A lightweight orchestration framework to automate local tasks on AWS
When installed on a worker instance, this project can be used to read through a task queue, process the tasks until the queue becomes empty.
Once the queue gets empty a notification is sent and the task_loop waits for more tasks to pop up.
- Open a terminal session and clone the Githbu repo into a local directory
git clone https://github.com/neotheicebird/ProcessAutomation.git
- Create and activate a python virtual environment for the project
virtualenv -p /path/to/python3 processAutomationEnv
source processAutomationEnv/bin/activate
- Install required libraries to run the project
pip install -r requirements.txt
you can also install the requirements-dev.txt to setup a dev env.
- Configure boto
For boto to work in any local machine, we need to enable programmatic access to your AWS account from that machine
Before you can begin using Boto 3, you should set up authentication credentials.

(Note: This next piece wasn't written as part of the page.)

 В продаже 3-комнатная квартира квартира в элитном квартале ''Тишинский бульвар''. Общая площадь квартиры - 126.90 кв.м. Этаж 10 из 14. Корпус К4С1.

Credentials for your AWS account can be found in the IAM Console. You can create or use an existing user. Go to manage access keys and generate a new set of keys.
I created an IAM user named process_automator and attach existing policies directly to the user: AmazonSNSFullAccess, AmazonSQSFullAccess, AmazonEC2FullAccess
(You can also attach AdministratorAccess while you are developing or for testing. But this must be removed later.)

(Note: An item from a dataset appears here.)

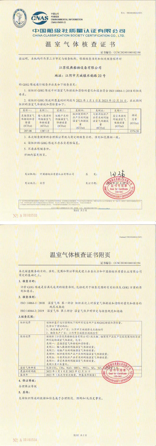 温室气体核查证书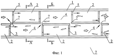При своем продвижении рыба имеет возможность выбора трасс и скоростных условий, формируемых вплывными отверстиями 5, 6 и 7.

Check programmatic access to the user and downloaded the aws_key and aws_secret for the user.
If you have the AWS CLI installed, then you can use it to configure your credentials file:
aws configure
Alternatively, you can create the credential file yourself. By default, its location is at ~/.aws/credentials:
[default]
aws_access_key_id = YOUR_ACCESS_KEY
aws_secret_access_key = YOUR_SECRET_KEY
You may also want to set a default region. This can be done in the configuration file. By default, its location is at ~/.aws/config:
[default]
region=us-east-1
Alternatively, you can pass a region_name when creating clients and resources.

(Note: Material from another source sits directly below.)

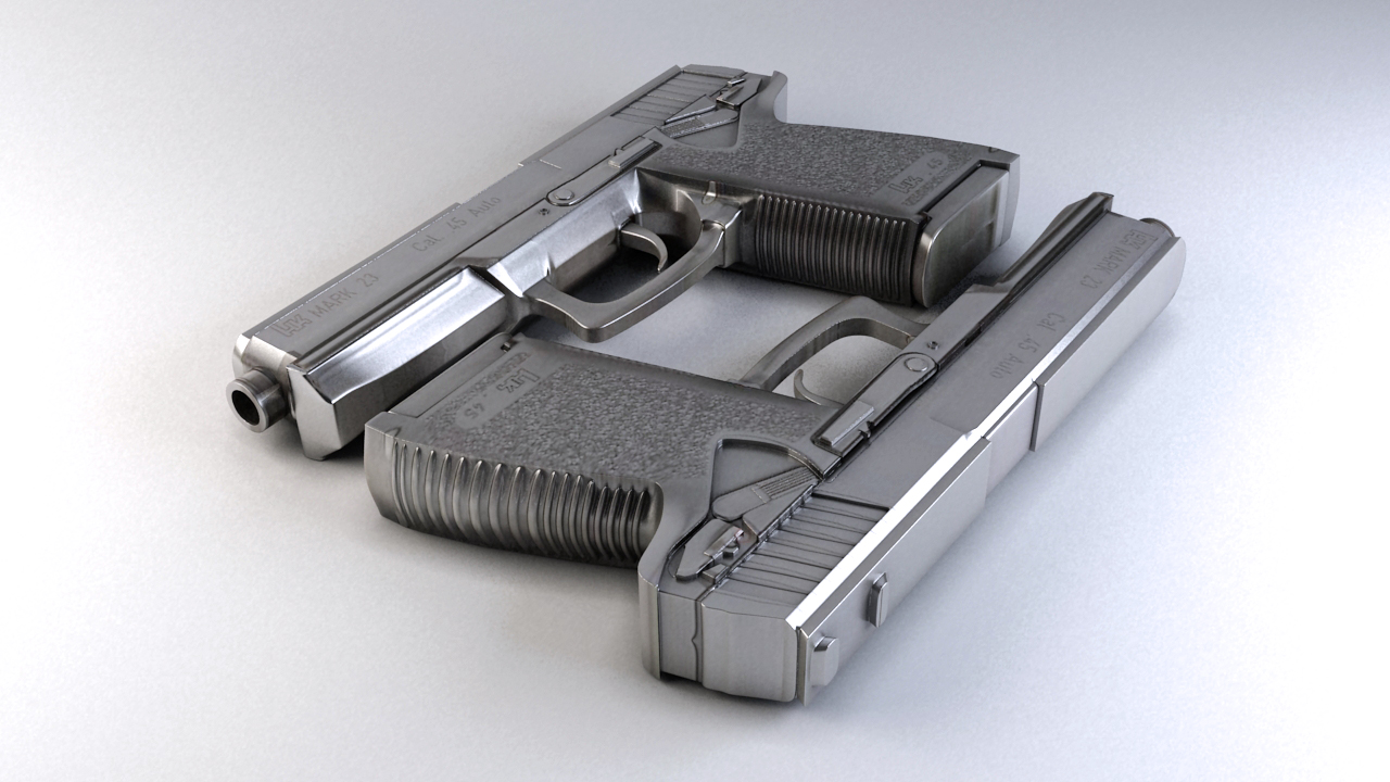 Hola. Saliendo un poco del modelado orgánico hice este modelo de un día de trabajo. Más adelante planeo ponerle la textura definitiva y corregir uno que otro filtro de la pistola que falta por pulir.

Ref: https://boto3.readthedocs.io/en/latest/guide/quickstart.html#installation
The configuration variables are present in config.json
You can edit them based on information from AWS dashboards or local paths before running the program:
{
"QueueURL": "https://sqs.ap-south-1.amazonaws.com/335927418600/process_automation_tasks",
"QueueRegion": "ap-south-1",
"OutputFilePath": "output.txt",
"SNSTopicARN": "arn:aws:sns:ap-south-1:335927418600:process_automation_status",
"SNSTopicRegion": "ap-south-1"
}
run tasks_processor.py
python tasks_processor.py
For testing, you can generate tasks at 1 task/sec using task_generator.py. Edit time.sleep(1) change the frequency.
What I do is, while tasks_processor.py is active, I run task_generator.py for a
few seconds and then kill (Ctrl+C), instantly you should see an SNS notification sent as queue is now empty.
-
Assigning tasks to process() is now done serially, which can be updated to a concurrency model This may not be required if this automation script is spawned across multiple workers.
-
A master script to orchestrate spawning of multiple worker instances and setup this automation script needs to be done.